-- TASK GOAL --
Down to the last line, set down the listing below exactly, apart from its pictures.

====== RECORDS FOR THE TASK

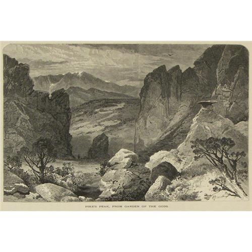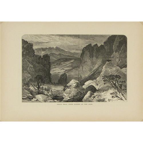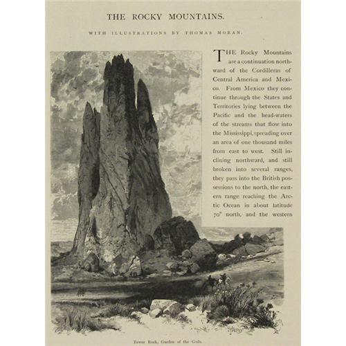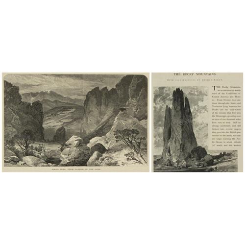 Thomas Moran (1837-1926) 2 Engravings from Picturesque America, "Pikes Peak From Garden of the Gods", image size 6 1/8" x 8 3/4", "Tower Rock, Garden of the Gods", image size 7 7/8" x 6 1/8", signed in plate
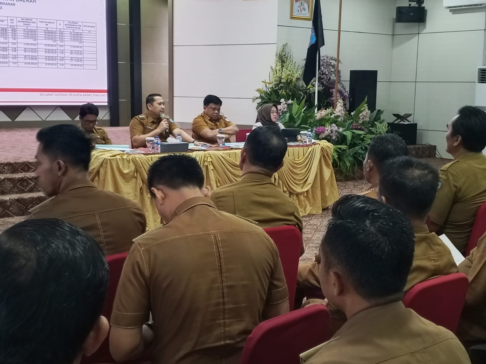 Rapat evaluasi ini dihadiri oleh seluruh pimpinan OPD di lingkungan Pemkab Merangin serta para Camat se-Kabupaten Merangin. Turut mendampingi, Sekretaris Daerah Zulhifni dan Asisten 3 Setda Merangin Hennizor. (Abyan/tugas/iqbal)
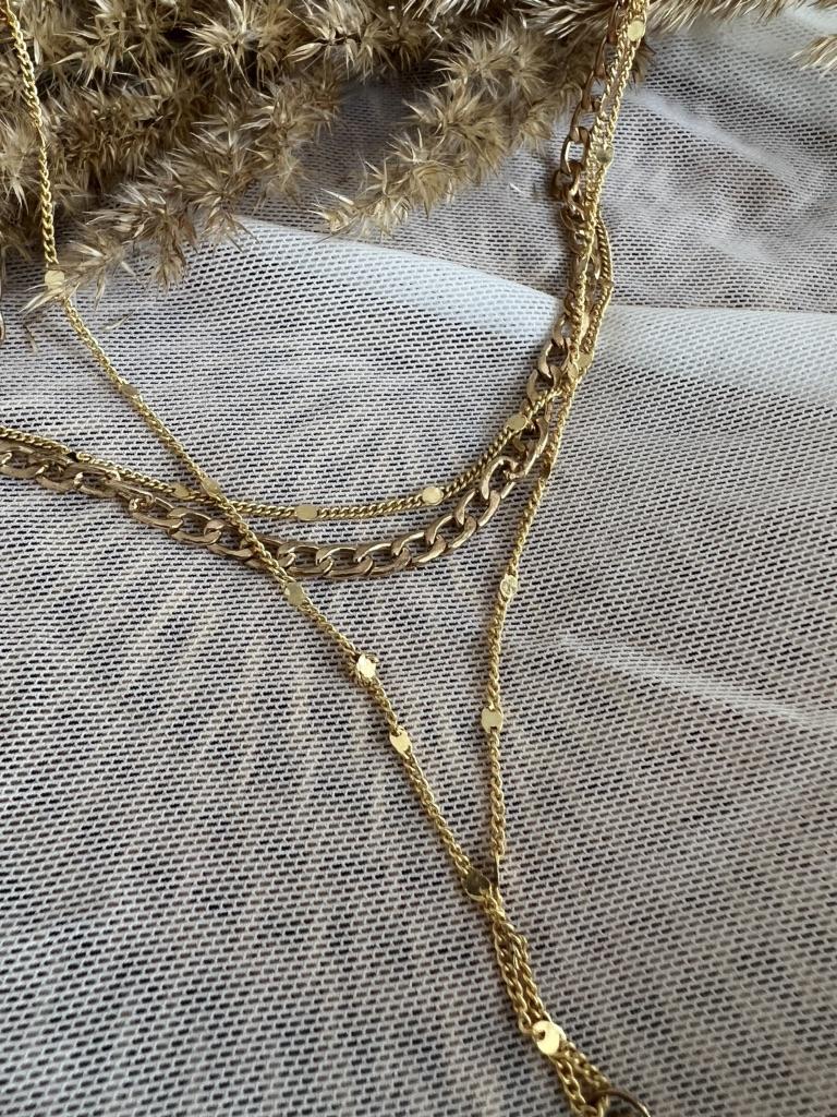 Dámský vrstvený řetízkový náhrdelník s flitry pozlacený náhrdelník jako doplněk šperků
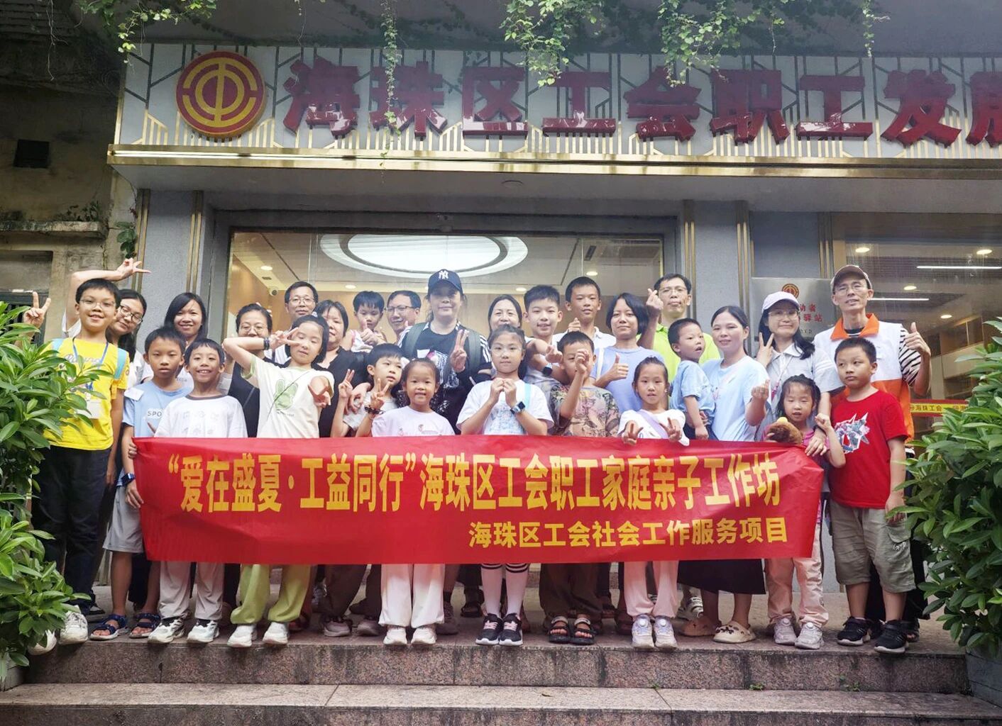 为积极响应国家《家庭教育促进法》的号召,缓解职工家庭的育儿压力,近日,海珠区工会社会工作服务项目(广州粤穗社会工作事务所承接)、海珠区工会『联系广泛服务群众』体系实践中心,在海珠区工会职工发展服务中心成功举办“爱在盛夏·工益同行”职工家庭亲子工作坊。本次亲子工作坊共设置五节内容,涵盖了破冰融合、安全教育、心理支持、阅读引导及艺术表达五大板块,内容丰富、形式多样,累计参与人次达128人次。
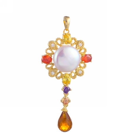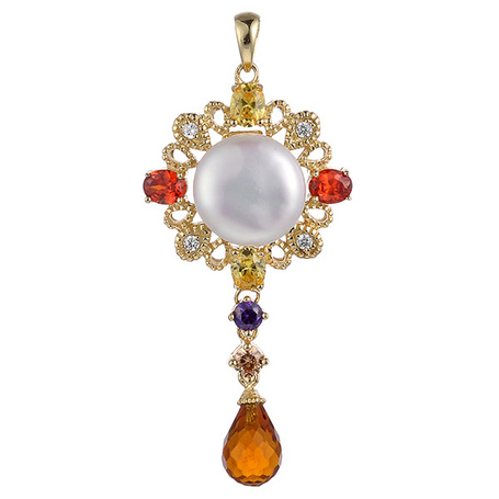 Подвеска из серебра 925 пробы с аметистом, гранатом, цитрином, жемчугом и фианитами
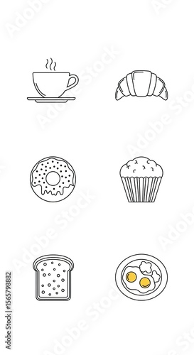 Simple Black Line Art Breakfast Food and Drink Icons on White Background
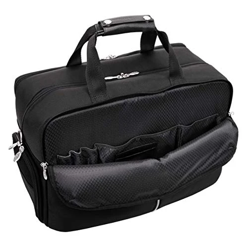- Front compartment has a business accessory organizer.
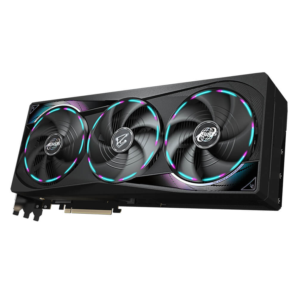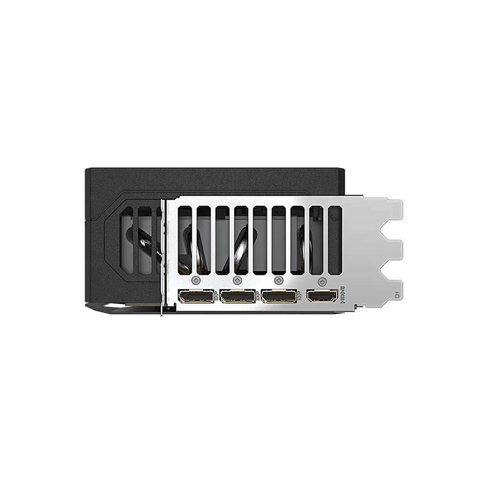 - Tích hợp màn hình LCD Edge View trên cạnh card cho phép hiển thị thông tin hệ thống hoặc hình ảnh tùy chỉnh, cùng với hiệu ứng ánh sáng RGB Halo xung quanh quạt, tạo nên vẻ ngoài độc đáo và cá nhân hóa cho hệ thống.
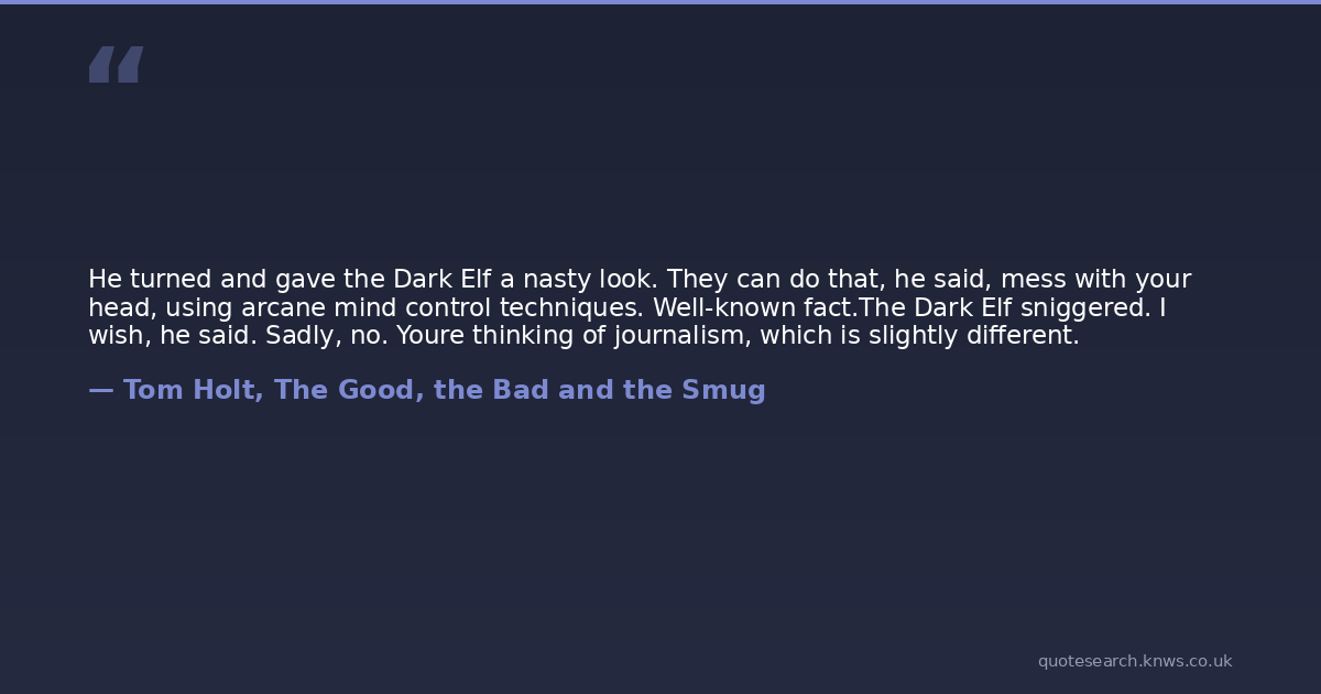 He turned and gave the Dark Elf a nasty look. They can do that, he said, mess with your head, using arcane mind control techniques. Well-known fact.The Dark Elf sniggered. I wish, he said. Sadly, no. Youre thinking of journalism, which is slightly different.
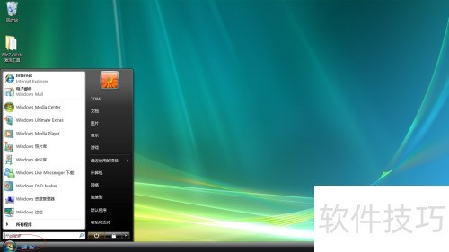 1、 启动Windows Vista系统后,点击任务栏上的开始按钮,即可打开开始菜单,所示。

============

-- WRITTEN SOLUTION --
 Thomas Moran (1837-1926) 2 Engravings from Picturesque America, "Pikes Peak From Garden of the Gods", image size 6 1/8" x 8 3/4", "Tower Rock, Garden of the Gods", image size 7 7/8" x 6 1/8", signed in plate
 Rapat evaluasi ini dihadiri oleh seluruh pimpinan OPD di lingkungan Pemkab Merangin serta para Camat se-Kabupaten Merangin. Turut mendampingi, Sekretaris Daerah Zulhifni dan Asisten 3 Setda Merangin Hennizor. (Abyan/tugas/iqbal)
 Dámský vrstvený řetízkový náhrdelník s flitry pozlacený náhrdelník jako doplněk šperků
 为积极响应国家《家庭教育促进法》的号召,缓解职工家庭的育儿压力,近日,海珠区工会社会工作服务项目(广州粤穗社会工作事务所承接)、海珠区工会『联系广泛服务群众』体系实践中心,在海珠区工会职工发展服务中心成功举办“爱在盛夏·工益同行”职工家庭亲子工作坊。本次亲子工作坊共设置五节内容,涵盖了破冰融合、安全教育、心理支持、阅读引导及艺术表达五大板块,内容丰富、形式多样,累计参与人次达128人次。
 Подвеска из серебра 925 пробы с аметистом, гранатом, цитрином, жемчугом и фианитами
 Simple Black Line Art Breakfast Food and Drink Icons on White Background
- Front compartment has a business accessory organizer.
 - Tích hợp màn hình LCD Edge View trên cạnh card cho phép hiển thị thông tin hệ thống hoặc hình ảnh tùy chỉnh, cùng với hiệu ứng ánh sáng RGB Halo xung quanh quạt, tạo nên vẻ ngoài độc đáo và cá nhân hóa cho hệ thống.
 He turned and gave the Dark Elf a nasty look. They can do that, he said, mess with your head, using arcane mind control techniques. Well-known fact.The Dark Elf sniggered. I wish, he said. Sadly, no. Youre thinking of journalism, which is slightly different.
 1、 启动Windows Vista系统后,点击任务栏上的开始按钮,即可打开开始菜单,所示。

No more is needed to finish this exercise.